Opinione della Settimana

Danno non patrimoniale, per i parenti non servono prove rigorose

Giudice - Sentenza Imc

(di Maurizio Caprino – Quotidiano del Diritto)

I parenti stretti di chi riporta gravi ferite in un incidente hanno diritto a un risarcimento per il danno non patrimoniale patito personalmente senza dover dare una prova rigorosa della loro sofferenza: basta che vi siano elementi logici che possano portare il giudice a ritenere che tale sofferenza c’è stata. Così la Terza sezione civile della Cassazione, con la sentenza 17058/2017, ha rinviato alla Corte d’appello di Potenza il caso di un padre che si era visto negare il risarcimento personale legato a un sinistro stradale del 1991 nel quale il figlio, mentre era alla guida di una moto scontratasi con un’auto, aveva riportato un’invalidità permanente del 25 per cento.
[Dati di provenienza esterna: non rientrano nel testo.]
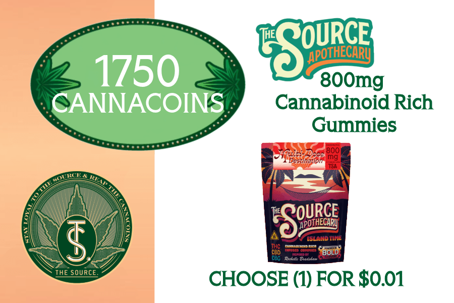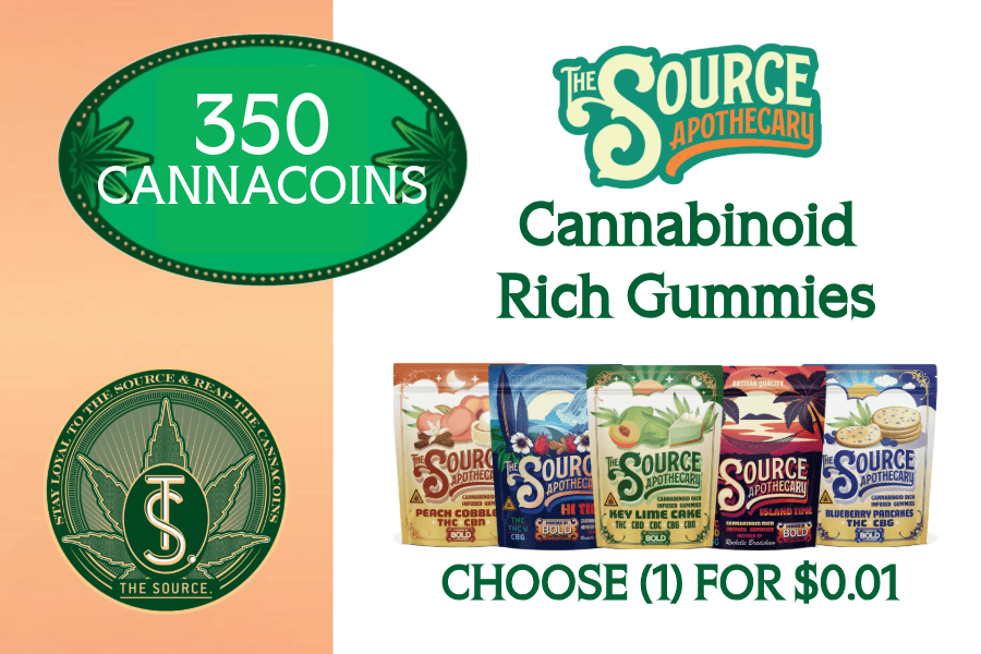 Accumulate 350 CannaCoins and redeem to get The Source Apothecary Cannabinoid Rich Gummies for $0.01.

Ne era nato un lungo contenzioso, fatto di ricorsi e controricorsi. Non solo su responsabilità e risarcimenti che riguardavano direttamente i due conducenti coinvolti nell’incidente, ma anche sulla richiesta del padre del motociclista di vedere riconosciuto il danno non patrimoniale legato alla sofferenza per il ferimento e il ricovero del proprio figlio, all’epoca ancora minorenne.

Un danno su cui all’epoca dei fatti c’era incertezza. Ma poi, come ricorda la sentenza depositata ieri, le Sezioni unite della Cassazione si erano pronunciate in senso affermativo (sentenza 9556/2002).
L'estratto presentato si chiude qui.